For example, let’s consider the three-way match functionality in the procurement and finance processes. Within SAP, back-end testing would consist of reviewing and establishing the appropriate tolerance values that the system will enforce when comparing quantities and amounts between purchase orders, goods receipts and vendor invoices. The front-end test of three-way matching in SAP would be to simulate a given step in the overall process, perform a positive and negative test and attempt to trigger the tolerance., thereby ensuring that the tolerances are operating effectively and as intended.

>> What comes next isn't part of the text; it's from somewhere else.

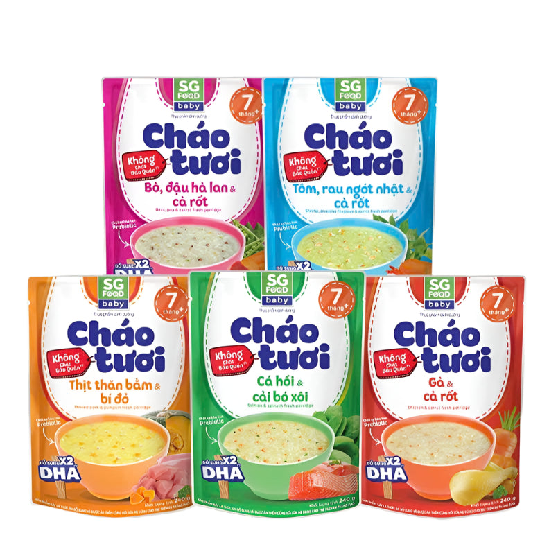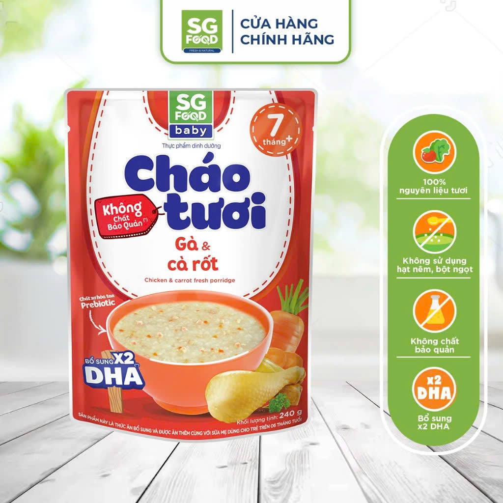 Mẹ luôn dành những điều tốt nhất cho con! Mỗi bữa ăn cho con là niềm vui của mẹ, và mẹ biết rằng con yêu cần được cung cấp đầy đủ dưỡng chất giúp con mau lớn và khỏe mạnh. Vì vậy mẹ chọn cháo tươi để mang đến cho con bữa ăn dinh dưỡng tươi ngon như mẹ nấu. Cháo tươi Sài Gòn Food làm từ:

Provided that key IT general controls (ITGCs) over the ERP application are operating effectively, an organization may continue to rely on the benchmarked automated controls for the following year’s SOX testing. This benchmarking guidance can be found in Appendix B of AS 2201, items B28 to B33. Item B29 of the auditing standard states “…the auditor may conclude that the automated application control continues to be effective without repeating the prior year’s specific tests of the operation of the automated application control…” There are, however, some exceptions where automated controls cannot be benchmarked, typically around high-risk areas such as an organization’s revenue or other financial disclosures. This should be kept in mind when assessing if an automated control is eligible for benchmarking.
Benchmarking frequency
Although PCAOB AS 2201 does not specifically outline a timeline, three years is generally considered an appropriate frequency for re-baselining the automated controls. It is also important to re-baseline in the event of significant configuration changes in the applications. The work involved in year one can appear as a large amount of additional work when viewed in a silo. However, once the SOX testing and benchmarking activities are completed in this first year, an organization will see great benefits and time saved in years two and three. This is because the only activity required in years two and three is monitoring for configuration changes. If no changes have occurred to the benchmarked configuration, the performance of front-end testing is no longer necessary because the integrity of the control has been maintained. For instance, let’s continue with the previous three-way match configuration example. If the back-end configuration for the relevant tolerances is reviewed in year two and no changes have occurred (e.g., the percentage tolerance on the variance between invoice and purchase order quantity), then the validation of the configuration is sufficient.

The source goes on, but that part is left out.